[Stored dataset items]
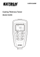 Introduction Congratulations on your purchase of the Extech CG204 Coating Thickness Tester. The CG204 is a portable meter designed for non‐invasive coating thickness measurements. The meter uses two measurement methods: magnetic induction (for ferrous metal substrates) and eddy current (for non‐ferrous metal substrates). Proper use and care of this meter will provide many years of reliable service. Description Meter Description 1. USB jack for PC interface 2. Measurement probe 3. Backlit LCD display 4.
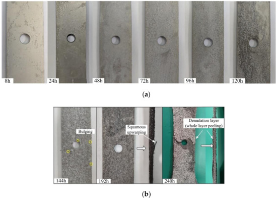 - Zhao, P.F.; Su, X.Q.; Wu, J.S. Accelerated corrosion test spectrum of typical reef atmospheric environment. Equip. Environ. Eng. 2019, 16, 14–21. [Google Scholar]
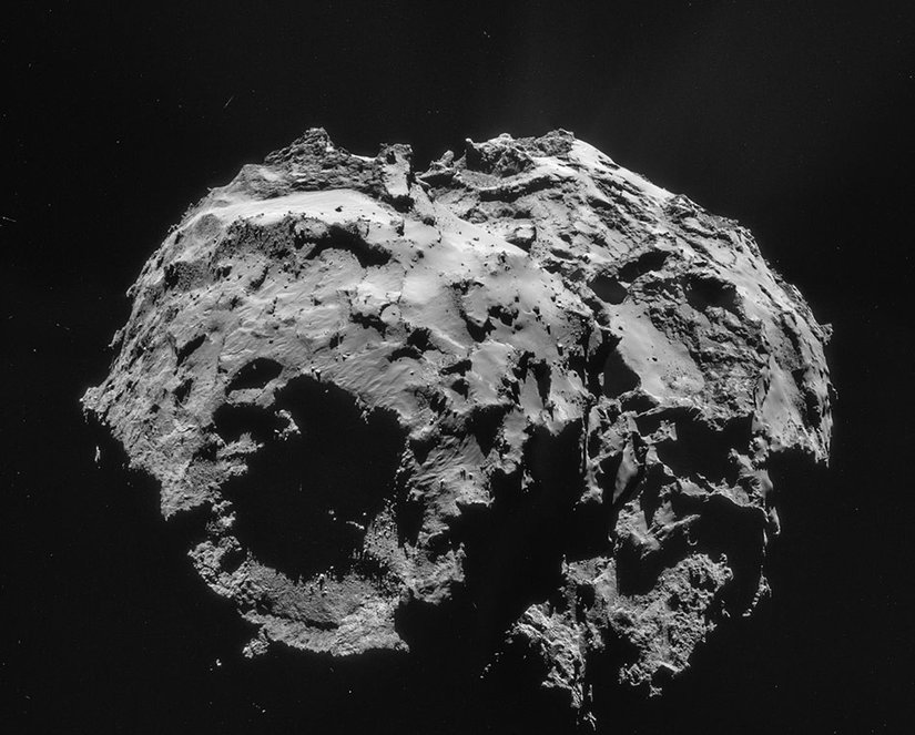 14 Şubat 2015 Sevgililer Günü'nde çekilmiş bir fotoğraf... Bu tarih, Rosetta'nın ilk defa 67P'ye bu kadar yaklaştığı tarih... Aralarında sadece 6.5 kilometre kalacak kadar yaklaştı. Burada gördüğümüz, kuyrukluyıldızın baş bölgesindeki çöküntü.
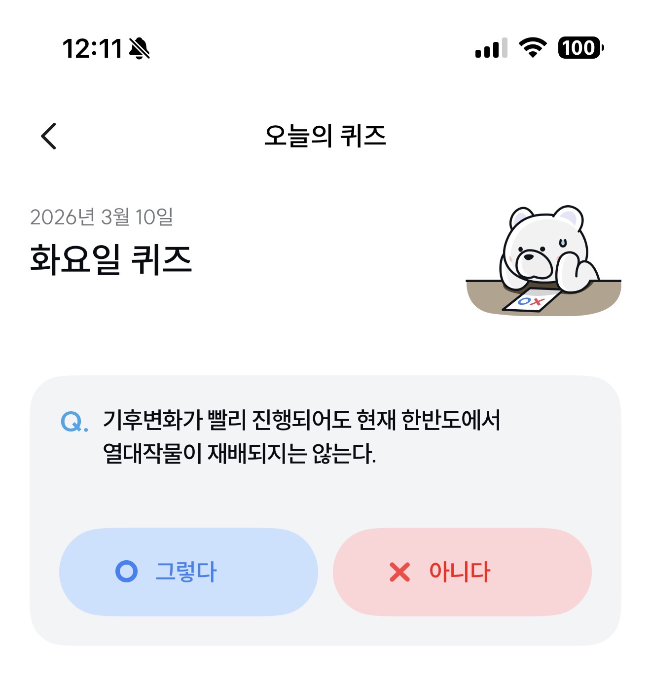 기후행동 기회소득 오늘의 퀴즈 정답은 아니다 입니다
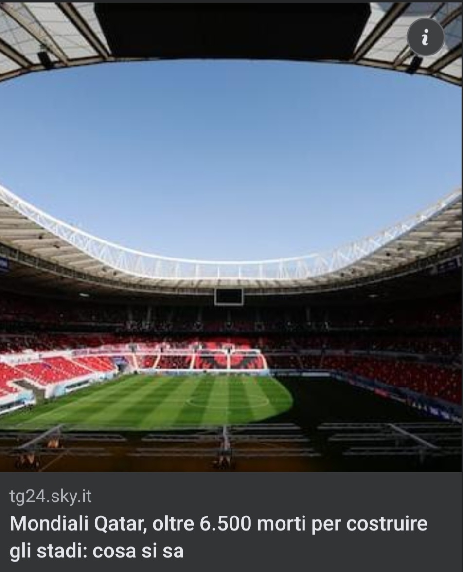 Mi impressiona che, per far sì che io oggi possa sedermi sul mio divano a guardare i mondiali, siano morte 6500 persone. È qualcosa di fronte alla quale mi sento totalmente impotente. Sarebbe facile lavarmi la coscienza scegliendo di boicottare le partite (tanto l’Italia non c’è…). Ma nessun boicottaggio riporterà in vita quelle persone.Forse questo…
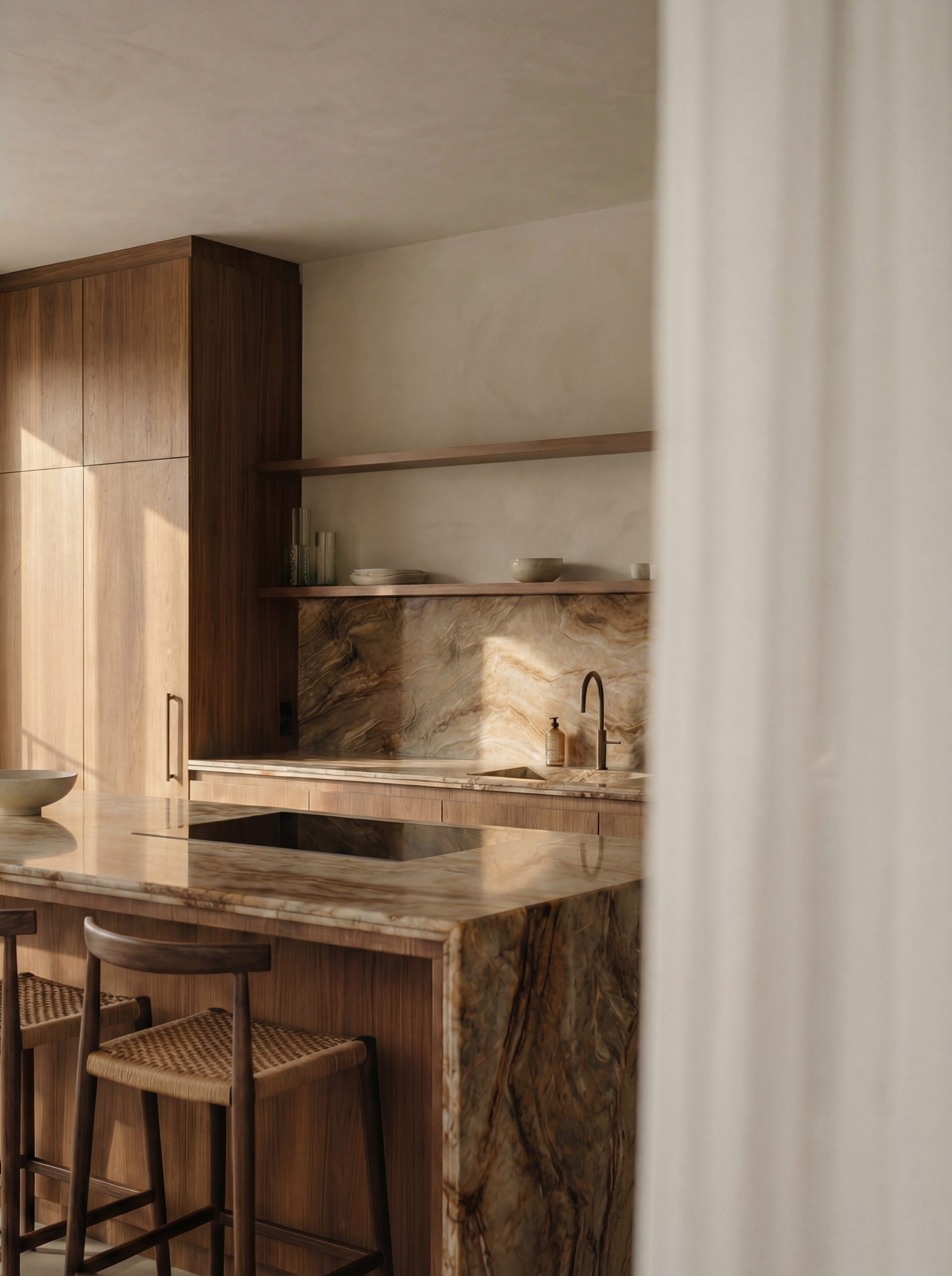 Inside, the layout balances openness and intimacy. The kitchen forms a warm social centre, while the open spaces allow light to move freely through the home, creating a sense of generosity and calm.
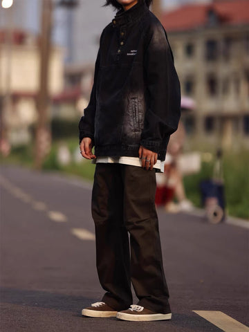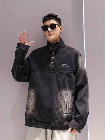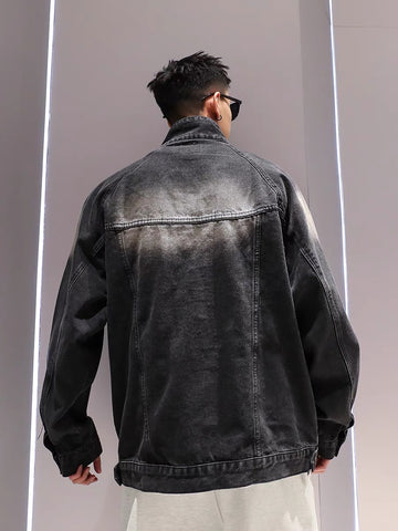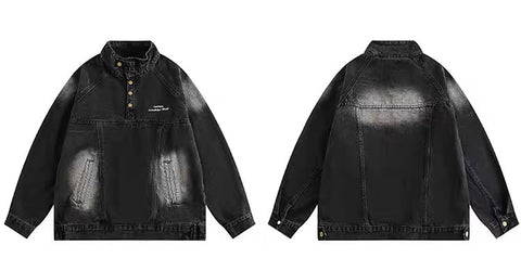 アメリカンビンテージ風ヒップホップウォッシュ加工デニムジャケット男女トレンドブランドゆったりbf風カジュアルジャケット番号ZT640
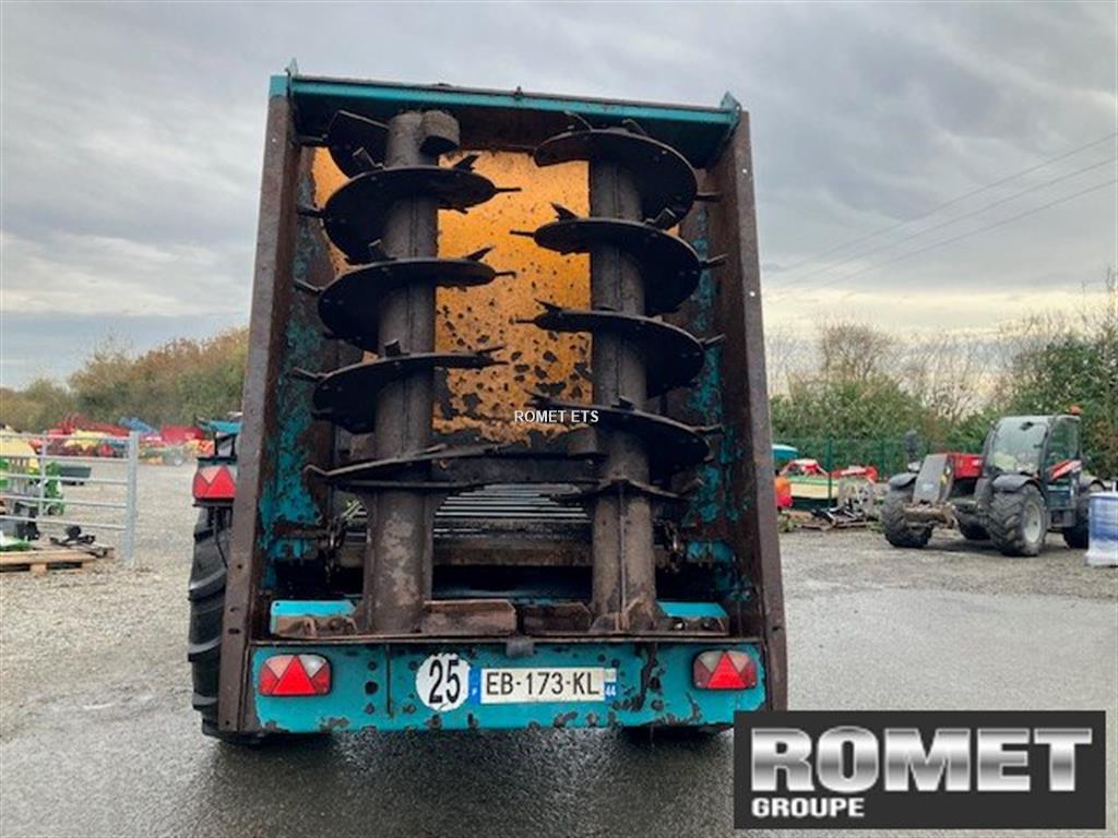 Suspension de flèche Lames ressorts Béquille hydraulique Boitier 1000Trs/min Cardan grand angle Central hydraulique Capacité tonnage : 18T 2 chaines Porte AR Hérissons verticaux Largeur épandage : 12 à 15m Essieu simple Boitier de commande

**Work instructions**
Could you set down exactly, and only, the lines from the line containing "Mi impressiona che, per" through the last line of the records, both included, without the pictures?

**Task solution**
 Mi impressiona che, per far sì che io oggi possa sedermi sul mio divano a guardare i mondiali, siano morte 6500 persone. È qualcosa di fronte alla quale mi sento totalmente impotente. Sarebbe facile lavarmi la coscienza scegliendo di boicottare le partite (tanto l’Italia non c’è…). Ma nessun boicottaggio riporterà in vita quelle persone.Forse questo…
 Inside, the layout balances openness and intimacy. The kitchen forms a warm social centre, while the open spaces allow light to move freely through the home, creating a sense of generosity and calm.
 アメリカンビンテージ風ヒップホップウォッシュ加工デニムジャケット男女トレンドブランドゆったりbf風カジュアルジャケット番号ZT640
 Suspension de flèche Lames ressorts Béquille hydraulique Boitier 1000Trs/min Cardan grand angle Central hydraulique Capacité tonnage : 18T 2 chaines Porte AR Hérissons verticaux Largeur épandage : 12 à 15m Essieu simple Boitier de commande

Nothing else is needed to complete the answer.